→ **Listed entries**:
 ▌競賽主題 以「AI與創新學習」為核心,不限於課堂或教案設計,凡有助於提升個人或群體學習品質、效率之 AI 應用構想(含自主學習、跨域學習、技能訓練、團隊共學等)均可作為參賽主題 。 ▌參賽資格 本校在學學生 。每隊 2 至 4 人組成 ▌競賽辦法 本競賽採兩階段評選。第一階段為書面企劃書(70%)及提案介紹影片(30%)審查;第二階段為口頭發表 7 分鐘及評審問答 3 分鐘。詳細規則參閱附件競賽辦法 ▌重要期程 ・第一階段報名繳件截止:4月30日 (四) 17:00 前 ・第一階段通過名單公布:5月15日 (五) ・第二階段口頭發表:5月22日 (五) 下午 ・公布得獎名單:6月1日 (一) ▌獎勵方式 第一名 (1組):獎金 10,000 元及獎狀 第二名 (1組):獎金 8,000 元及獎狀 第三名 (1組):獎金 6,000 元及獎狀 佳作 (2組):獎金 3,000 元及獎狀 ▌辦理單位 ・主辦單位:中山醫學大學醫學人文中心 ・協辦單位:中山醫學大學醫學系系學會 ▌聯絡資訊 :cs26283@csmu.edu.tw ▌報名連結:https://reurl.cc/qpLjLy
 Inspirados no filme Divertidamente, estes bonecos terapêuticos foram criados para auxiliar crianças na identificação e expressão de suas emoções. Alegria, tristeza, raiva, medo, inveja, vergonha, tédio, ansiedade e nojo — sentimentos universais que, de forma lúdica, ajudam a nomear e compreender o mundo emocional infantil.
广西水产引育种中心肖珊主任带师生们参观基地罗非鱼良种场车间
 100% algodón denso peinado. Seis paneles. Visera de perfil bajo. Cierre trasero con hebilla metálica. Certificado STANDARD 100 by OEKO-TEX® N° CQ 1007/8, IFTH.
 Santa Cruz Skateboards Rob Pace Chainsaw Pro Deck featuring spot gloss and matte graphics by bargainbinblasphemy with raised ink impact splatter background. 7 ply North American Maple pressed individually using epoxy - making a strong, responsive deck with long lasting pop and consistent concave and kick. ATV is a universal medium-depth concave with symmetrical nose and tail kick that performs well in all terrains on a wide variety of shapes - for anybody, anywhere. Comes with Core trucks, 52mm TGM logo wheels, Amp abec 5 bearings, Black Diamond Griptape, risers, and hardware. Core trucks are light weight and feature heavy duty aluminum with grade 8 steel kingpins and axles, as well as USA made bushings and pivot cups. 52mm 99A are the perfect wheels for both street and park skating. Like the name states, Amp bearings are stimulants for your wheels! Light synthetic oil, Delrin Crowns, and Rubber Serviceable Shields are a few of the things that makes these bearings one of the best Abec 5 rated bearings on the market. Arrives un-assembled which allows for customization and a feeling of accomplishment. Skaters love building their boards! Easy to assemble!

→ **Problem to solve**: Until the last line is reached, keep transcribing the data exactly.

→ **Written response**:
 ▌競賽主題 以「AI與創新學習」為核心,不限於課堂或教案設計,凡有助於提升個人或群體學習品質、效率之 AI 應用構想(含自主學習、跨域學習、技能訓練、團隊共學等)均可作為參賽主題 。 ▌參賽資格 本校在學學生 。每隊 2 至 4 人組成 ▌競賽辦法 本競賽採兩階段評選。第一階段為書面企劃書(70%)及提案介紹影片(30%)審查;第二階段為口頭發表 7 分鐘及評審問答 3 分鐘。詳細規則參閱附件競賽辦法 ▌重要期程 ・第一階段報名繳件截止:4月30日 (四) 17:00 前 ・第一階段通過名單公布:5月15日 (五) ・第二階段口頭發表:5月22日 (五) 下午 ・公布得獎名單:6月1日 (一) ▌獎勵方式 第一名 (1組):獎金 10,000 元及獎狀 第二名 (1組):獎金 8,000 元及獎狀 第三名 (1組):獎金 6,000 元及獎狀 佳作 (2組):獎金 3,000 元及獎狀 ▌辦理單位 ・主辦單位:中山醫學大學醫學人文中心 ・協辦單位:中山醫學大學醫學系系學會 ▌聯絡資訊 :cs26283@csmu.edu.tw ▌報名連結:https://reurl.cc/qpLjLy
 Inspirados no filme Divertidamente, estes bonecos terapêuticos foram criados para auxiliar crianças na identificação e expressão de suas emoções. Alegria, tristeza, raiva, medo, inveja, vergonha, tédio, ansiedade e nojo — sentimentos universais que, de forma lúdica, ajudam a nomear e compreender o mundo emocional infantil.
广西水产引育种中心肖珊主任带师生们参观基地罗非鱼良种场车间
 100% algodón denso peinado. Seis paneles. Visera de perfil bajo. Cierre trasero con hebilla metálica. Certificado STANDARD 100 by OEKO-TEX® N° CQ 1007/8, IFTH.
 Santa Cruz Skateboards Rob Pace Chainsaw Pro Deck featuring spot gloss and matte graphics by bargainbinblasphemy with raised ink impact splatter background. 7 ply North American Maple pressed individually using epoxy - making a strong, responsive deck with long lasting pop and consistent concave and kick. ATV is a universal medium-depth concave with symmetrical nose and tail kick that performs well in all terrains on a wide variety of shapes - for anybody, anywhere. Comes with Core trucks, 52mm TGM logo wheels, Amp abec 5 bearings, Black Diamond Griptape, risers, and hardware. Core trucks are light weight and feature heavy duty aluminum with grade 8 steel kingpins and axles, as well as USA made bushings and pivot cups. 52mm 99A are the perfect wheels for both street and park skating. Like the name states, Amp bearings are stimulants for your wheels! Light synthetic oil, Delrin Crowns, and Rubber Serviceable Shields are a few of the things that makes these bearings one of the best Abec 5 rated bearings on the market. Arrives un-assembled which allows for customization and a feeling of accomplishment. Skaters love building their boards! Easy to assemble!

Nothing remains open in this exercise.